When does a variable copy be released in lambda function?

Question

As the example below, I define 2 variables x and y. When I call the lambda function twice, it seems like it will not destroy the copy. From 11.14 — Lambda captures | Learn C++ - Learn C++, it says:

Because captured variables are members of the lambda object, their values are persisted across multiple calls to the lambda!

How does C++ manage the memory for lambda function?

int main() {
    int x = 1;
    static int y = 1;
    auto fun = [=]() mutable{
        x++;
        y++;
        cout<<"Inside:\t\t";
        cout<<"x:"<<x<<"\t"<<"y:"<<y<<endl;
    };

    for (int i = 0; i<2; i++) {
        fun();
        cout<<"Outside:\t";
        cout<<"x:"<<x<<"\t"<<"y:"<<y<<endl<<endl;
    }
}

Output:

Inside:         x:2     y:2
Outside:        x:1     y:2

Inside:         x:3     y:3
Outside:        x:1     y:3

Answer 1

It stores it inside the object itself. Another way to think of your lambda is below. This is "kind of" equivalent to what the compiler is generating, and yes, I'm changing scopes around a bit and I know that, but this may be clearer to a beginner at C++.

static int y = 1; // Moved this out from main
class my_lambda{
public:
my_lambda(int x) : _x(x) {}
~my_lambda() = default;
void operator()()
{
  _x++;
  y++;
  cout<<"Inside:\t\t";
  cout<<"_x:"<<_x<<"\t"<<"y:"<<y<<endl;
}

private:
int _x;
};

int main() {
    int x = 1;
    my_lambda fun{x}; // "Captures" x

    for (int i = 0; i<2; i++) {
        fun();
        cout<<"Outside:\t";
        cout<<"x:"<<x<<"\t"<<"y:"<<y<<endl<<endl;
    }
}

As you can hopefully see, the "fake lambda" class I made is doing the same thing your actual lambda is. It "captures" x as part of its constructor and copies it to internal storage, which I called _x. And y is just in scope for it, though I moved to global to be above the class declaration.

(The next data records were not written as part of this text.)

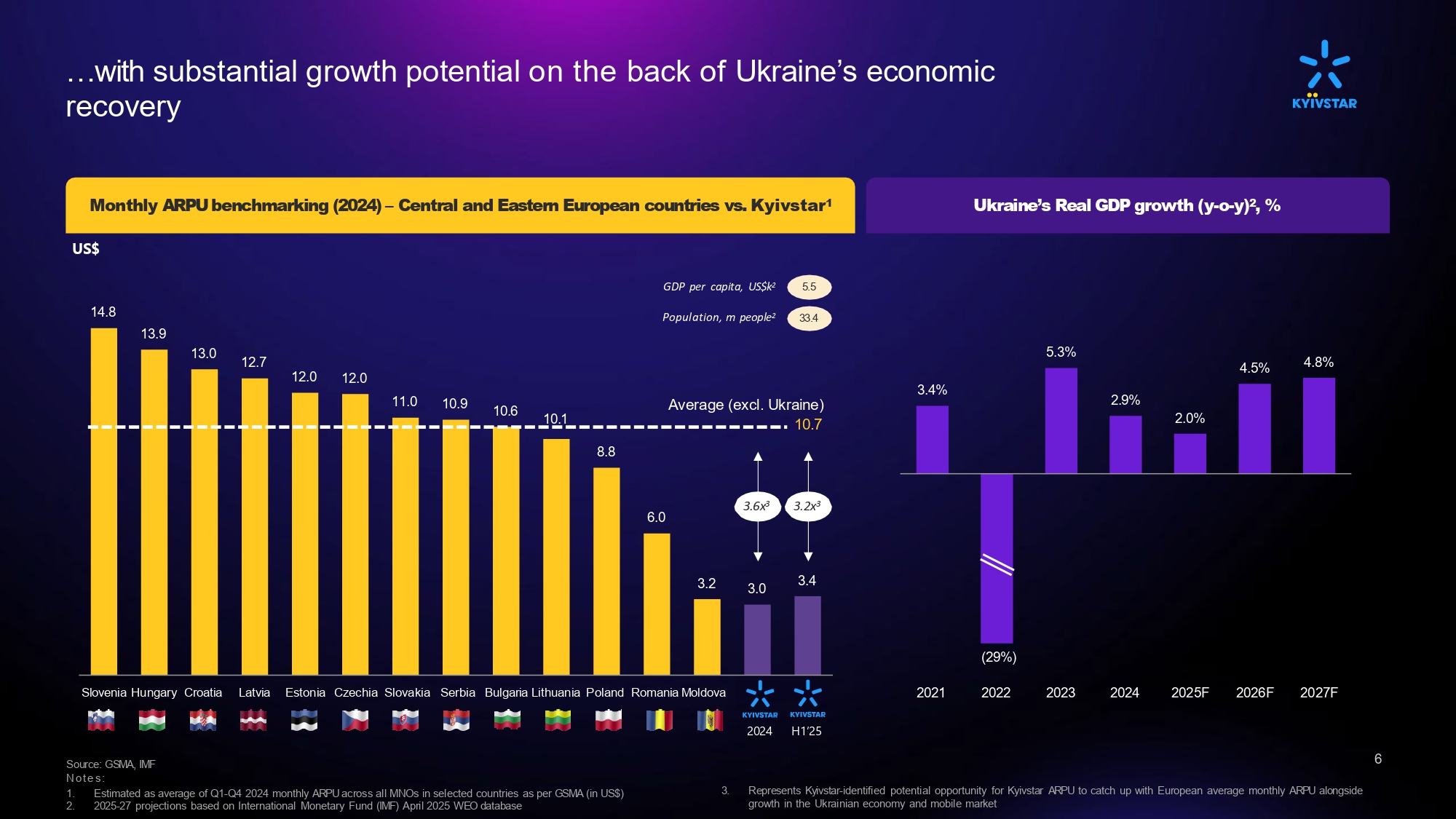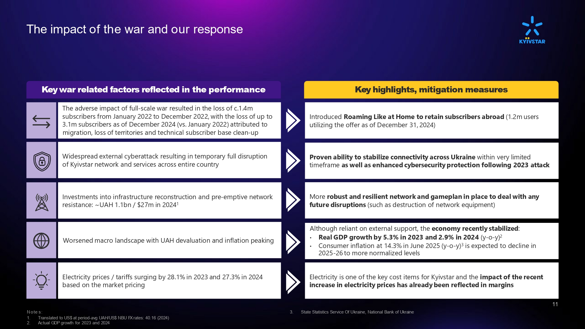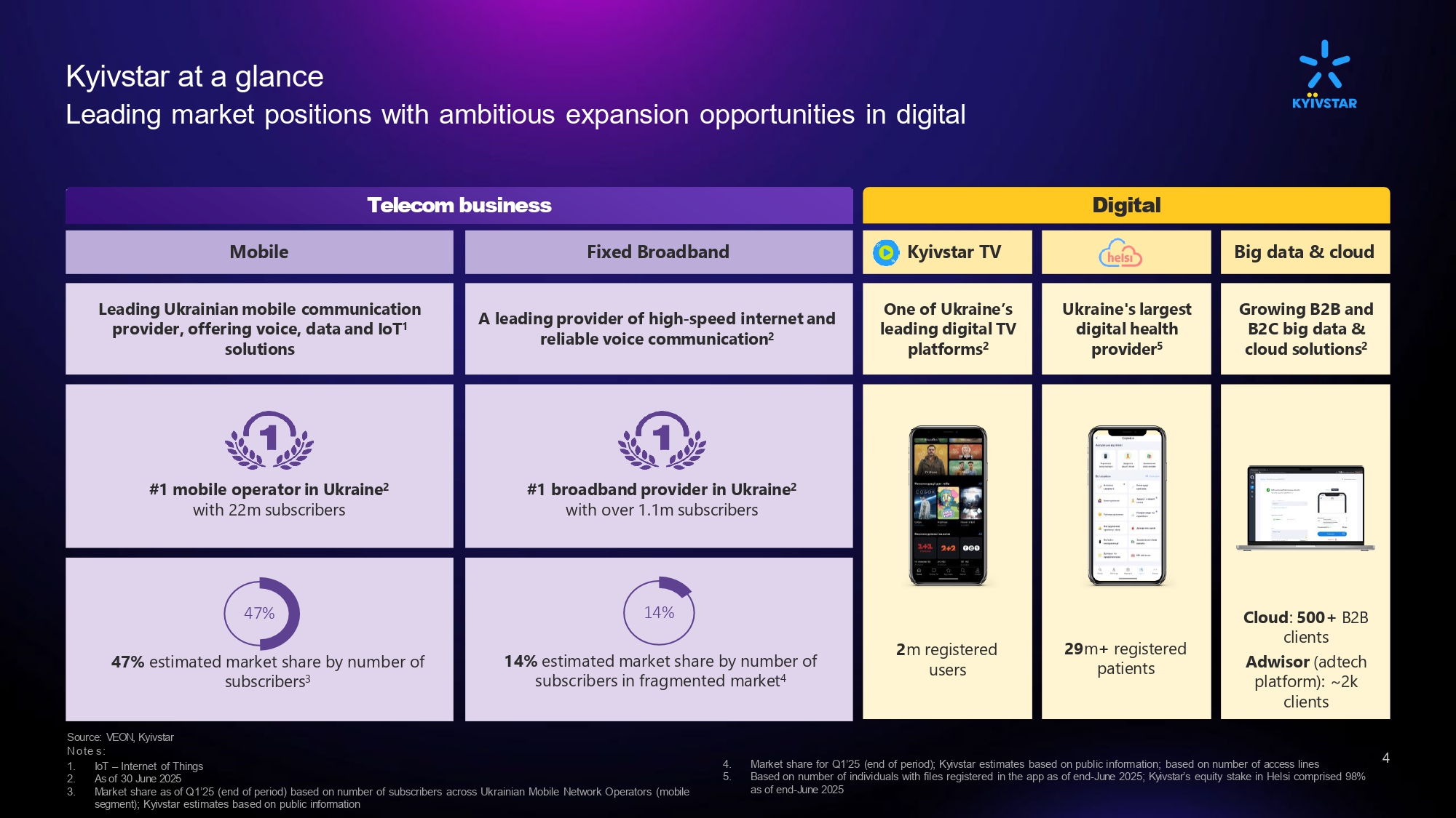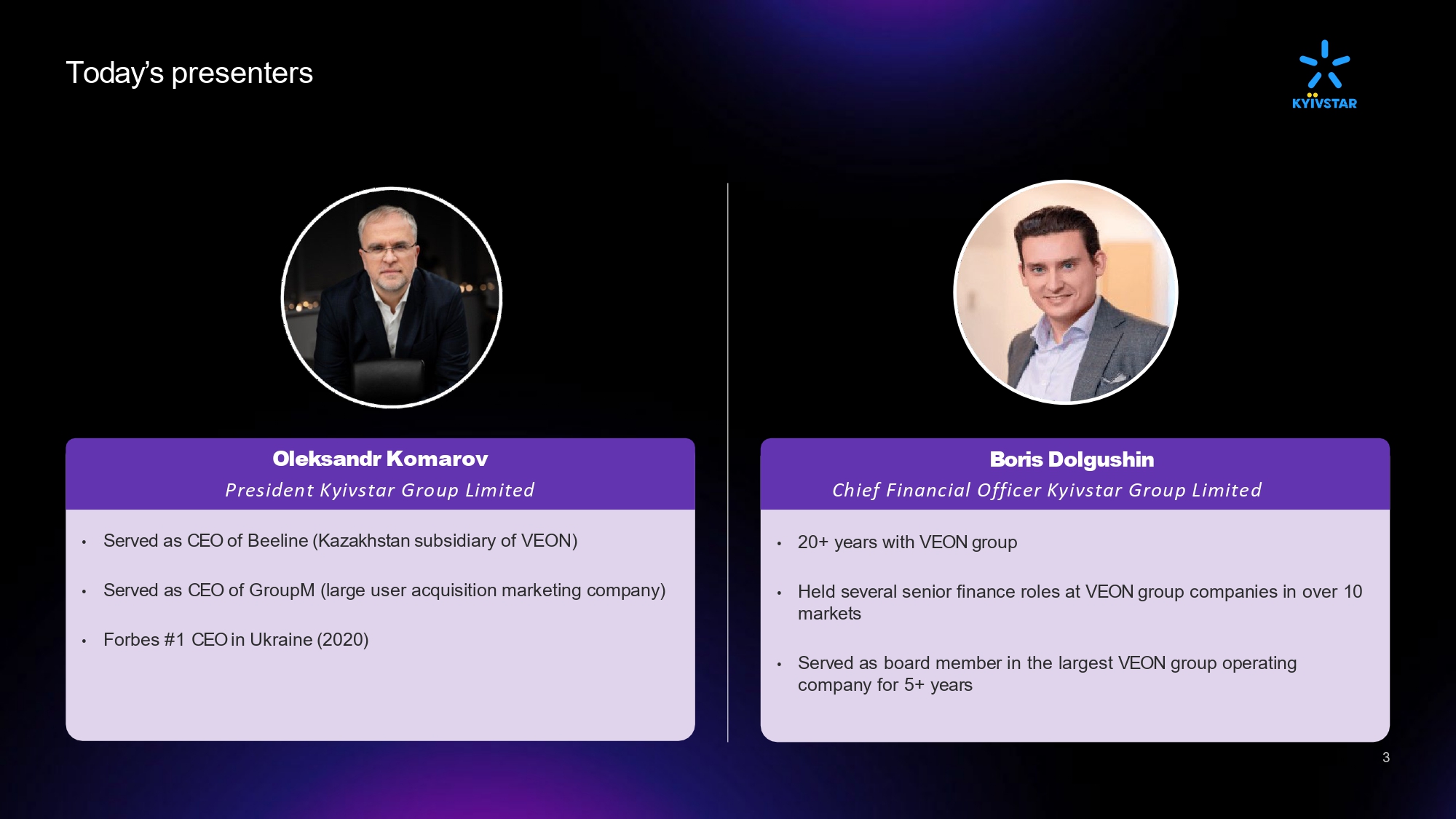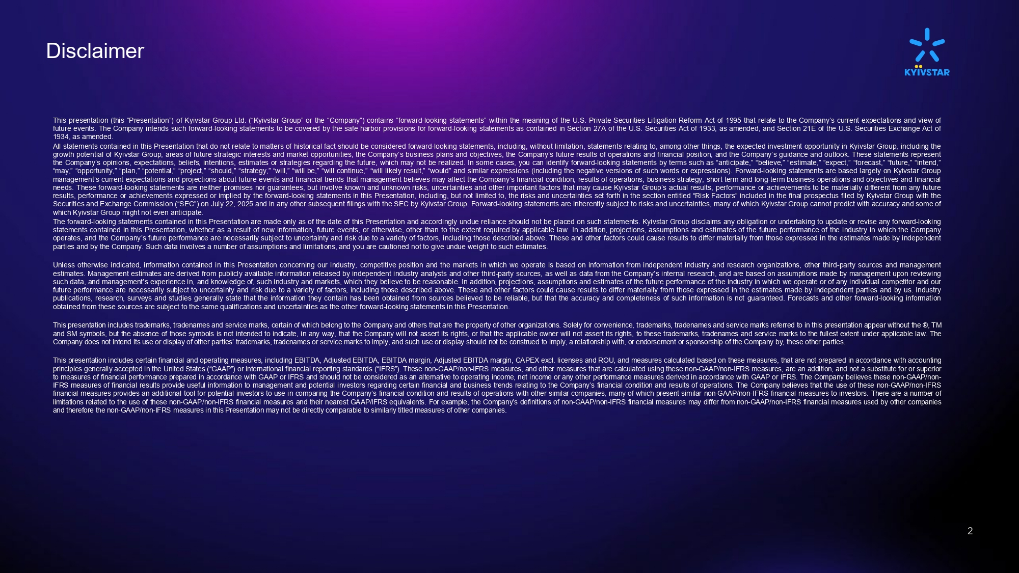 Disclaimer 2 This presentation (this “Presentation”) of Kyivstar Group Ltd . (“Kyivstar Group” or the “Company”) contains “forward - looking statements” within the meaning of the U . S . Private Securities Litigation Reform Act of 1995 that relate to the Company’s current expectations and view of future events . The Company intends such forward - looking statements to be covered by the safe harbor provisions for forward - looking statements as contained in Section 27 A of the U . S . Securities Act of 1933 , as amended, and Section 21 E of the U . S . Securities Exchange Act of 1934 , as amended . All statements contained in this Presentation that do not relate to matters of historical fact should be considered forward - looking statements, including, without limitation, statements relating to, among other things, the expected investment opportunity in Kyivstar Group, including the growth potential of Kyivstar Group, areas of future strategic interests and market opportunities, the Company’s business plans and objectives, the Company’s future results of operations and financial position, and the Company’s guidance and outlook . These statements represent the Company’s opinions, expectations, beliefs, intentions, estimates or strategies regarding the future, which may not be realized . In some cases, you can identify forward - looking statements by terms such as “anticipate,” “believe,” “estimate,” “expect,” “forecast,” “future,” “intend,” “may,” “opportunity,” “plan,” “potential,” “project,” “should,” “strategy,” “will,” “will be,” “will continue,” “will likely result,” “would” and similar expressions (including the negative versions of such words or expressions) . Forward - looking statements are based largely on Kyivstar Group management’s current expectations and projections about future events and financial trends that management believes may affect the Company’s financial condition, results of operations, business strategy, short term and long - term business operations and objectives and financial needs . These forward - looking statements are neither promises nor guarantees, but involve known and unknown risks, uncertainties and other important factors that may cause Kyivstar Group’s actual results, performance or achievements to be materially different from any future results, performance or achievements expressed or implied by the forward - looking statements in this Presentation, including, but not limited to, the risks and uncertainties set forth in the section entitled “Risk Factors” included in the final prospectus filed by Kyivstar Group with the Securities and Exchange Commission (“SEC”) on July 22 , 2025 and in any other subsequent filings with the SEC by Kyivstar Group . Forward - looking statements are inherently subject to risks and uncertainties, many of which Kyivstar Group cannot predict with accuracy and some of which Kyivstar Group might not even anticipate . The forward - looking statements contained in this Presentation are made only as of the date of this Presentation and accordingly undue reliance should not be placed on such statements . Kyivstar Group disclaims any obligation or undertaking to update or revise any forward - looking statements contained in this Presentation, whether as a result of new information, future events, or otherwise, other than to the extent required by applicable law . In addition, projections, assumptions and estimates of the future performance of the industry in which the Company operates, and the Company’s future performance are necessarily subject to uncertainty and risk due to a variety of factors, including those described above . These and other factors could cause results to differ materially from those expressed in the estimates made by independent parties and by the Company . Such data involves a number of assumptions and limitations, and you are cautioned not to give undue weight to such estimates . Unless otherwise indicated, information contained in this Presentation concerning our industry, competitive position and the markets in which we operate is based on information from independent industry and research organizations, other third - party sources and management estimates . Management estimates are derived from publicly available information released by independent industry analysts and other third - party sources, as well as data from the Company’s internal research, and are based on assumptions made by management upon reviewing such data, and management’s experience in, and knowledge of, such industry and markets, which they believe to be reasonable . In addition, projections, assumptions and estimates of the future performance of the industry in which we operate or of any individual competitor and our future performance are necessarily subject to uncertainty and risk due to a variety of factors, including those described above . These and other factors could cause results to differ materially from those expressed in the estimates made by independent parties and by us . Industry publications, research, surveys and studies generally state that the information they contain has been obtained from sources believed to be reliable, but that the accuracy and completeness of such information is not guaranteed . Forecasts and other forward - looking information obtained from these sources are subject to the same qualifications and uncertainties as the other forward - looking statements in this Presentation . This presentation includes trademarks, tradenames and service marks, certain of which belong to the Company and others that are the property of other organizations . Solely for convenience, trademarks, tradenames and service marks referred to in this presentation appear without the ®, TM and SM symbols, but the absence of those symbols is not intended to indicate, in any way, that the Company will 
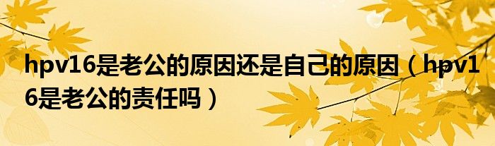 大家好,我是小跳,我来为大家解答以上问题。hpv16是老公的原因还是自己的原因,hpv16是老公的责任吗很多人还不知道,现在让我们一起来看看吧!
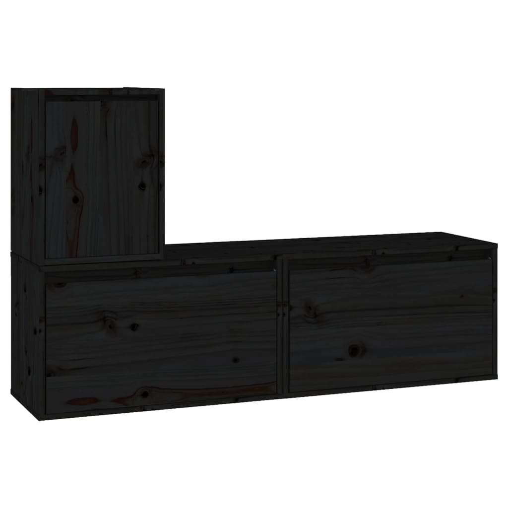 TV-Schränke 3 Stk. Schwarz Massivholz Kiefer
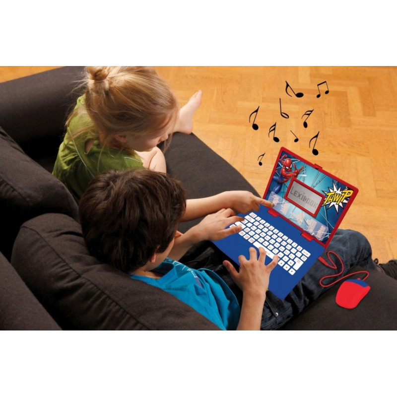 * Edukacyjny laptop ze 124 zadaniami (62 w każdym języku) zapewniający zabawną i interaktywną naukę ze Spider-Manem!
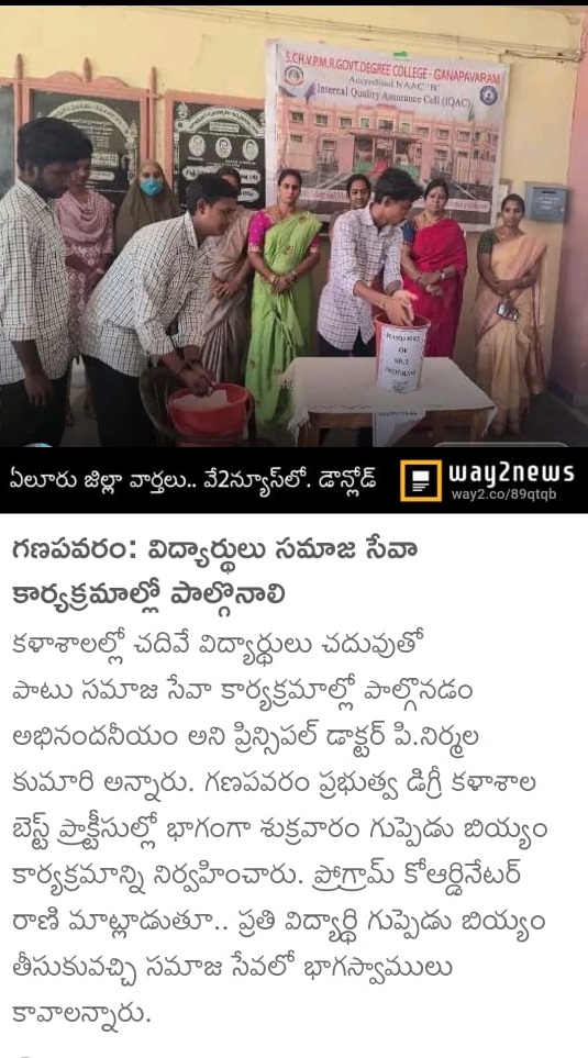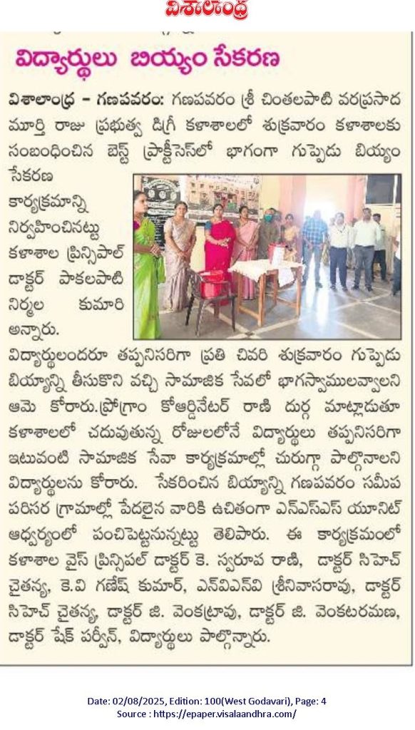 As part of its commitment to social responsibility and community outreach, Government Degree College, Ganapavaram conducted a “Handful of Rice” (Kuppati Biyyam) donation drive on 01st August 2025. The program was organized under the coordination of Smt. B. Rani Durga, Lecturer in Commerce and Handful of Rice Program Coordinator.
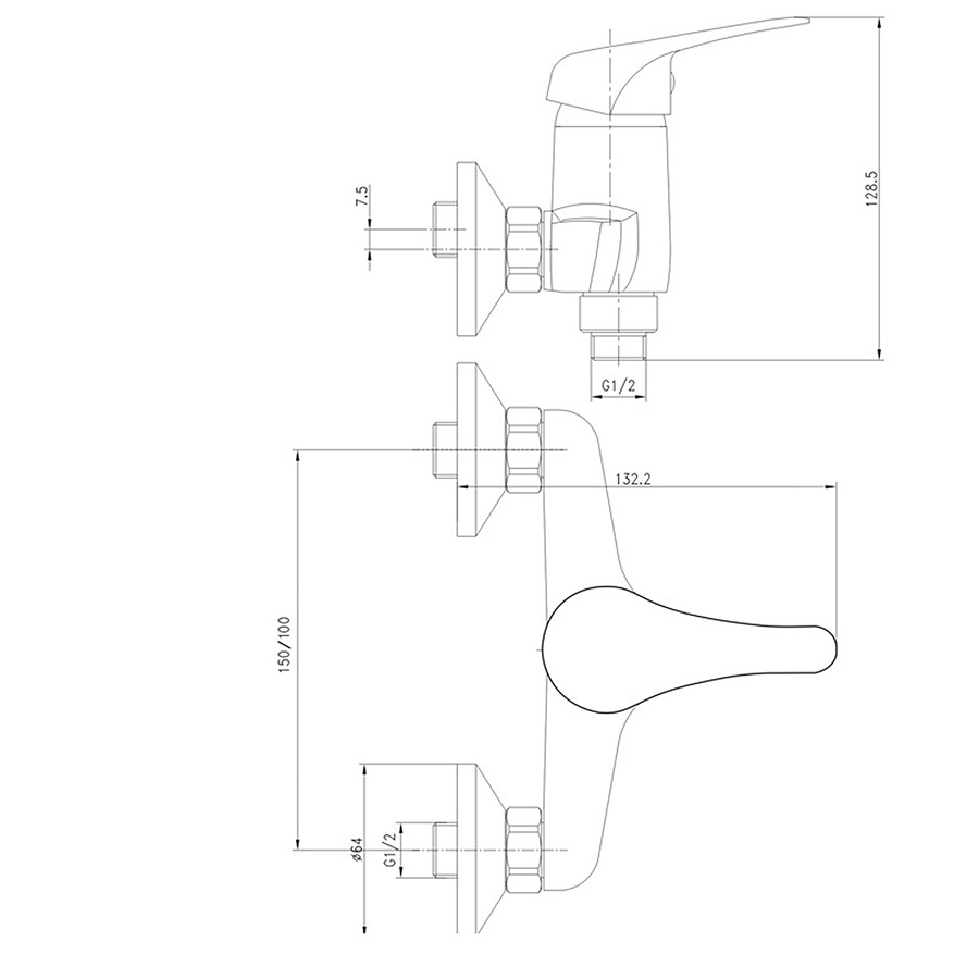 Táto sprchová nástenná batéria pochádza zo série vodovodných batérií Lila, ktorá predstavuje cenovo nenáročné riešenie pri zachovaní spoľahlivosti a kvality povrchovej úpravy. Nástenné batérie dodávame v rozstupe 100 i 150 mm.
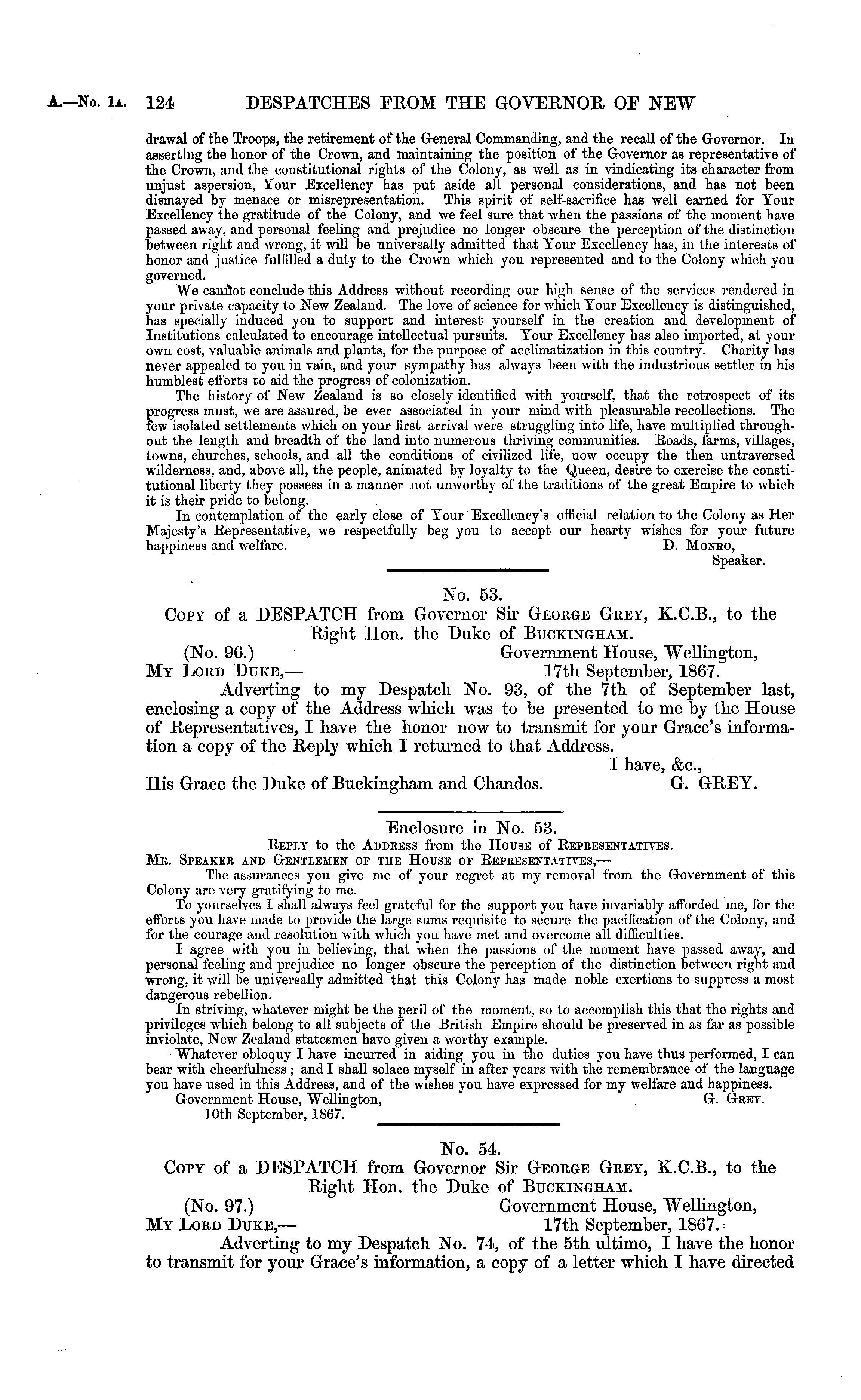 No. 53. Copy of a DESEATCH from Governor Sir George Grey, K.C.8., to the Right Hon. the Duke of Buckingham. (No. 96.) Government House, Wellington, My Lord Duke, — 17th September, 1867. Adverting to my Despatch No. 93, of the 7th of September last, enclosing a copy of the Address which was to be presented to me by the House of Representatives, I have the honor now to transmit for your Grace's information a copy of the Reply which I returned to that Address. I have, &c, His Grace the Duke of Buckingham and Chandos. G. GREY.

I'm overloading the () operator to make a class that's callable, which is a normal thing to do in some circumstances. See operator overloading if you wish for more information.

So this is "kind of, sorta" how lambdas work. They take your body and put it into the operator() of the object that's generated, and anything captured is one of the object's variables, with either the actual object (if by value) or a reference, if captured that way.

And to directly answer your question: when fun goes out of scope, it is freed, both in a lambda, and my case.